Even though a person may preach spiritual truths to a crowd, the message is usually for the person preaching it. If you feel like God has put a message in your heart to share, you are the primary intended recipient of that message. If it’s really burning in your heart, that may be a sign that you need to hear it even more than your audience does. It’s in this spirit I share the following, recognizing that this is my battle, and also recognizing that we all struggling with similar things. Someone is going to hear this.
I read John chapters 10-12 the other day. A theme presented itself: now.
In chapter 11 Lazarus dies. Jesus arrives after the fact.
“21) Then Martha said, ‘Lord, if you had been here my brother wouldn’t have died. 22) Yet even know I know that whatever you ask from God, God will give You.’
23) ‘Your brother will rise again,’ Jesus told her.
24) Martha said, ‘I know he will rise again in the resurrection at the last day.’
25) Jesus said to her, ‘I am the resurrection and the life…”
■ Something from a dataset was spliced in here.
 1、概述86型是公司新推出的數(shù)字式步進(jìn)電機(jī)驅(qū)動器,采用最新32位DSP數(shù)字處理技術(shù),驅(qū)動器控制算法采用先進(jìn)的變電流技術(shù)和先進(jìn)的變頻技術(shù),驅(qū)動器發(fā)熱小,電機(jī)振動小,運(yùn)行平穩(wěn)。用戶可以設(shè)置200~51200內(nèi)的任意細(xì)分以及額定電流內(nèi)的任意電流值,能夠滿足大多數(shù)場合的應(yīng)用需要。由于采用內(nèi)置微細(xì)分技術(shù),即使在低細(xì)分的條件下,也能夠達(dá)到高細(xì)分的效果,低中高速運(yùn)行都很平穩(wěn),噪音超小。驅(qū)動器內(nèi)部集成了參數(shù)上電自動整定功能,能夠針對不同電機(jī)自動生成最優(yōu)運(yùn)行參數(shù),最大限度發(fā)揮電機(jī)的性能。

There is more to verse 25, but I must stop there for the effect. What I want to emphasize is Martha’s response to Jesus’ promise: yeah, I know, he’ll rise again in in the last day. Yeah, I know, heaven. Yeah I know, it will be fulfilled in the last days. It is easy to defer the hope. Our theology, like Martha’s, becomes an excuse for unfulfilled hope. Our theology becomes an excuse for unfulfilled promises. Jesus says, ‘No! I am the [ whatever it is ] you’re waiting for’. I am the [whatever it is] you feel like you need to be hopeful or joyful or fulfilled or effective, and because you don’t feel you have it yet you’re not stepping into that hope or that joy, or that fulfillment, or that effectiveness.
Now. Because He is timeless, your procrastination is denial. There comes a point when YOU are the one deferring your own hope. By the way, this ‘hope’ language I’m using comes from Proverbs 13:12.
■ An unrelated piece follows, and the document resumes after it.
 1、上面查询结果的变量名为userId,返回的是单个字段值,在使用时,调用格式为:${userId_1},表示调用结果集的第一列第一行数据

Here’s another story. John 12:1-8
“Six days before the Passover, Jesus came to Bethany where Lazarus was, the one Jesus had raised from the dead. 2) So they gave a dinner for Him there; Martha was serving them, and Lazarus was one of those reclining at the table with Him. 3) Then Mary took a pound of fragrant oil – pure and expensive nard – anointed Jesus’ feet, and wiped His feet with her hair. So the house was filled with the fragrance of the oil.
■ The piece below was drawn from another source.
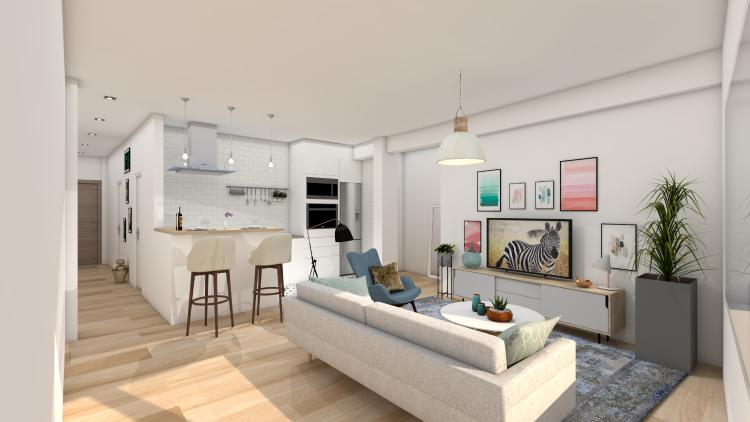 Se trata decoración de salón comedor, dos habitaciones e iluminación. Piso de obra nueva.

4) Then one of His disciples, Judas Iscariot (who was about to betray Him), said, 5) “Why wasn’t this fragrant oil sold for 300 denarii and given to the poor?” 6) He didn’t say this because he cared about the poor but because he was a thief. He was in charge of the money bag and would steal part of what was put in it.
7) Jesus answered, ‘Leave her alone; she has kept it for the day of my burial. 8) For you always have the poor with you, but you do not always have Me.”
That last verse is my emphasis here. I also want to note that, instead of lambasting Judas for his hypocrisy, Jesus spoke as though Judas’ words were an accurate reflection of his motives: Judas’ suggestion was moral but not optimal. The impulse to follow a standard rendered him blind to a precious opportunity. It’s like the rebuke Jesus once gave the Pharisees, “You strain out gnats and swallow a camel.” Again, it’s the theme of ‘now’. The opportunity is now, and you have a story that is keeping you from seizing it, maybe even keeping you from seeing it. Put your story in perspective, put your standards in perspective; what opportunity is immediately in front of you, and critically fleeting?